Only the pictures are to be left out; the listing itself is repeated exactly.

#### Supplied records

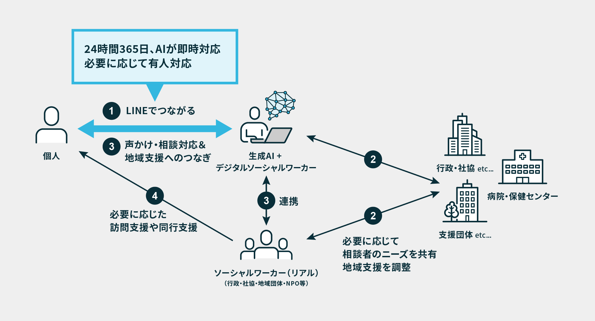 SNSを活用した相談支援に生成AI技術を組み合わせることで、24時間365日の即時対応が可能になります。
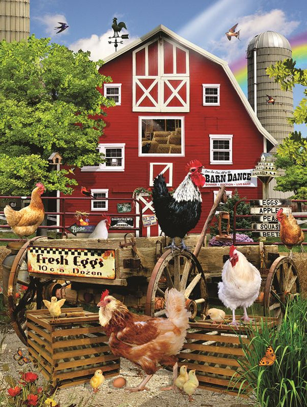 Poussins de bébé, poules et coqs à l'extérieur de la grange.
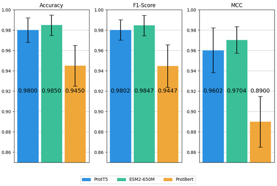 As depicted in Figure 4, three PLM embeddings exhibit robust performance across all metrics. Specifically, ESM-2 embeddings achieve the best results in terms of Acc (0.9850), F1-score (0.9847), and MCC (0.9704), indicating their superior capacity to distinguish ATGs. Similarly, ProtT5 embeddings show comparable efficacy with marginal performance differences, which suggests they have equivalent potential for this task. In contrast, ProtBERT embeddings underperform the other two PLM embeddings with an Acc of 0.9450, an F1-score of 0.9447, and an MCC of 0.8900. Moreover, we can find that models employing ESM-2 and ProtT5 embeddings surpass all baseline models, while ProtBERT embeddings underperform even conventional PSSM-based features. Based on these findings, ProtT5 and ESM-2 embeddings are identified as the most promising candidates for further analysis in the ATGs identification.
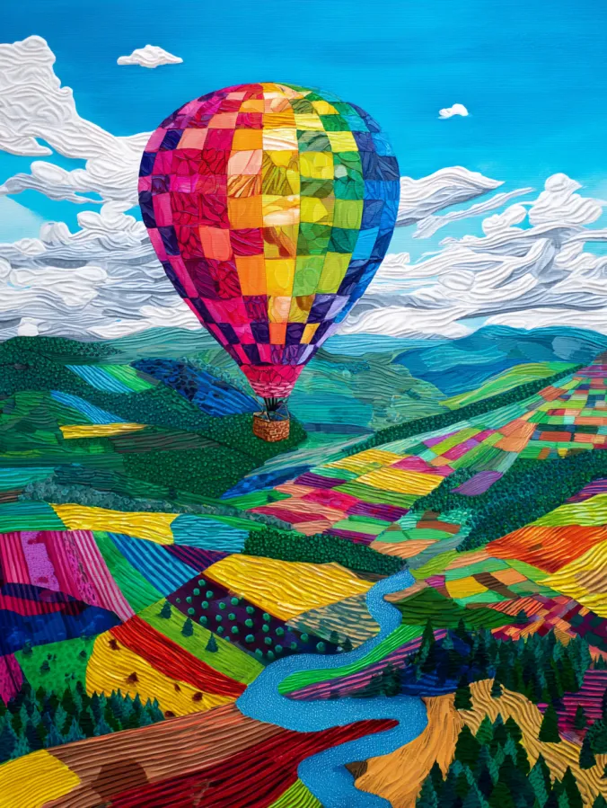 This acrylic painting shows a bright hot air balloon drifting peacefully above a landscape of colorful farmland. The balloon fills the sky with bold patchwork squares in shades of red, orange, yellow, green, blue, and pink. Below it the land stretches into rolling hills made up of patterned fields that look like a giant quilt. A winding river flows through the center of the valley and leads the eye deeper into the scene. Soft white clouds drift across a bright blue sky while the fields below shimmer with layered brush strokes and rich texture.
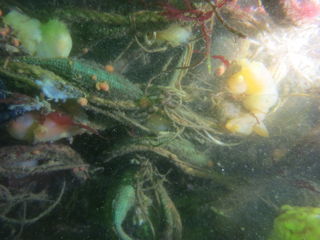 45 minutter senere var det tid til at bytte så mit hold kom i vandet. Sigten var ikke som et godt vinterdyk men bestemt brugbar. Dykket forløb uden problemer ind til vi skulle op for så var min Deco-bøje pludseligt blevet utæt og virket mere som anker end bøje. Opstigningen gik dog okay alligevel.
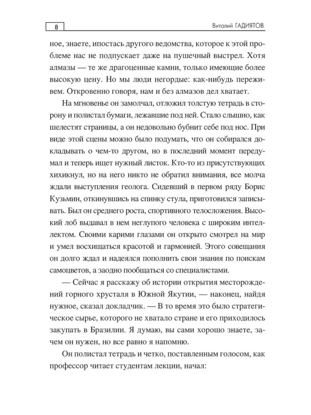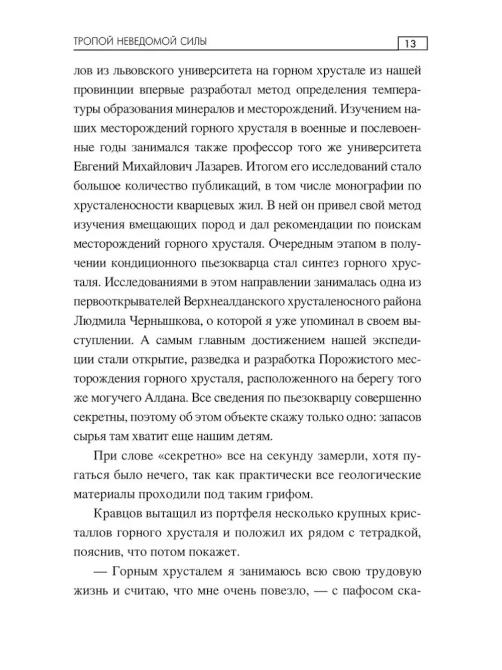 На одном из якутских месторождений работает уникальный геолог, который улавливает некие таинственные сигналы, испускаемые кристаллами горного хрусталя. Для встречи с ним отправляется аспирант университета Борис Кузьмин. Он организует экспедицию в тайгу с целью поиска коллекционных минералов и артефактов, спрятанных в заброшенном поселке горняков. Исследователей ждут необыкновенные приключения, уникальные открытия и щедрые подарки судьбы, а также загадочные встречи, способные пролить свет на возможность кремниевой жизни.| Издательство | Вече |
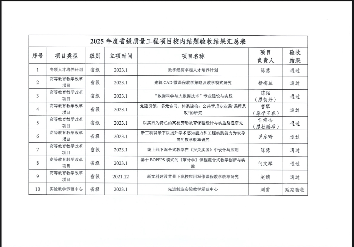 关于2025年度省级质量工程项目校内结题验收的结果公示
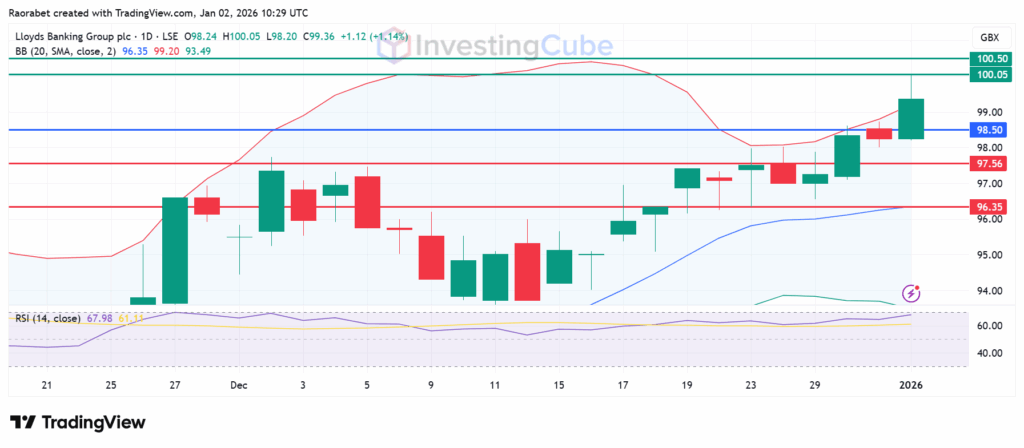 Lloyds share price daily chart on January 2, 2026 with key support and resistance levels created on TradingView
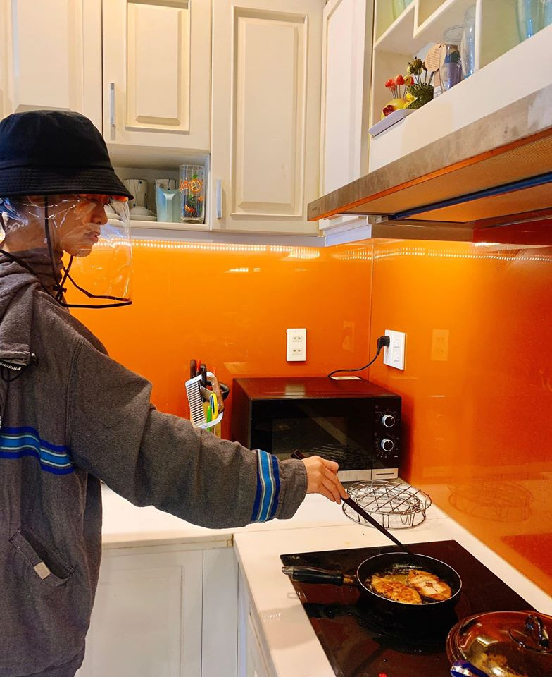 Nhận lời thách đấu với thử thách "5 ngày mạnh mẽ hơn: của đàn chị H'Hen Niê, Hoa hậu Khánh Vân đăng tải bức ảnh ở nhà nấu ăn khi cách ly toàn xã hội.

########

> Answer space:
 SNSを活用した相談支援に生成AI技術を組み合わせることで、24時間365日の即時対応が可能になります。
 Poussins de bébé, poules et coqs à l'extérieur de la grange.
 As depicted in Figure 4, three PLM embeddings exhibit robust performance across all metrics. Specifically, ESM-2 embeddings achieve the best results in terms of Acc (0.9850), F1-score (0.9847), and MCC (0.9704), indicating their superior capacity to distinguish ATGs. Similarly, ProtT5 embeddings show comparable efficacy with marginal performance differences, which suggests they have equivalent potential for this task. In contrast, ProtBERT embeddings underperform the other two PLM embeddings with an Acc of 0.9450, an F1-score of 0.9447, and an MCC of 0.8900. Moreover, we can find that models employing ESM-2 and ProtT5 embeddings surpass all baseline models, while ProtBERT embeddings underperform even conventional PSSM-based features. Based on these findings, ProtT5 and ESM-2 embeddings are identified as the most promising candidates for further analysis in the ATGs identification.
 This acrylic painting shows a bright hot air balloon drifting peacefully above a landscape of colorful farmland. The balloon fills the sky with bold patchwork squares in shades of red, orange, yellow, green, blue, and pink. Below it the land stretches into rolling hills made up of patterned fields that look like a giant quilt. A winding river flows through the center of the valley and leads the eye deeper into the scene. Soft white clouds drift across a bright blue sky while the fields below shimmer with layered brush strokes and rich texture.
 45 minutter senere var det tid til at bytte så mit hold kom i vandet. Sigten var ikke som et godt vinterdyk men bestemt brugbar. Dykket forløb uden problemer ind til vi skulle op for så var min Deco-bøje pludseligt blevet utæt og virket mere som anker end bøje. Opstigningen gik dog okay alligevel.
 На одном из якутских месторождений работает уникальный геолог, который улавливает некие таинственные сигналы, испускаемые кристаллами горного хрусталя. Для встречи с ним отправляется аспирант университета Борис Кузьмин. Он организует экспедицию в тайгу с целью поиска коллекционных минералов и артефактов, спрятанных в заброшенном поселке горняков. Исследователей ждут необыкновенные приключения, уникальные открытия и щедрые подарки судьбы, а также загадочные встречи, способные пролить свет на возможность кремниевой жизни.| Издательство | Вече |
 关于2025年度省级质量工程项目校内结题验收的结果公示
 Lloyds share price daily chart on January 2, 2026 with key support and resistance levels created on TradingView
 Nhận lời thách đấu với thử thách "5 ngày mạnh mẽ hơn: của đàn chị H'Hen Niê, Hoa hậu Khánh Vân đăng tải bức ảnh ở nhà nấu ăn khi cách ly toàn xã hội.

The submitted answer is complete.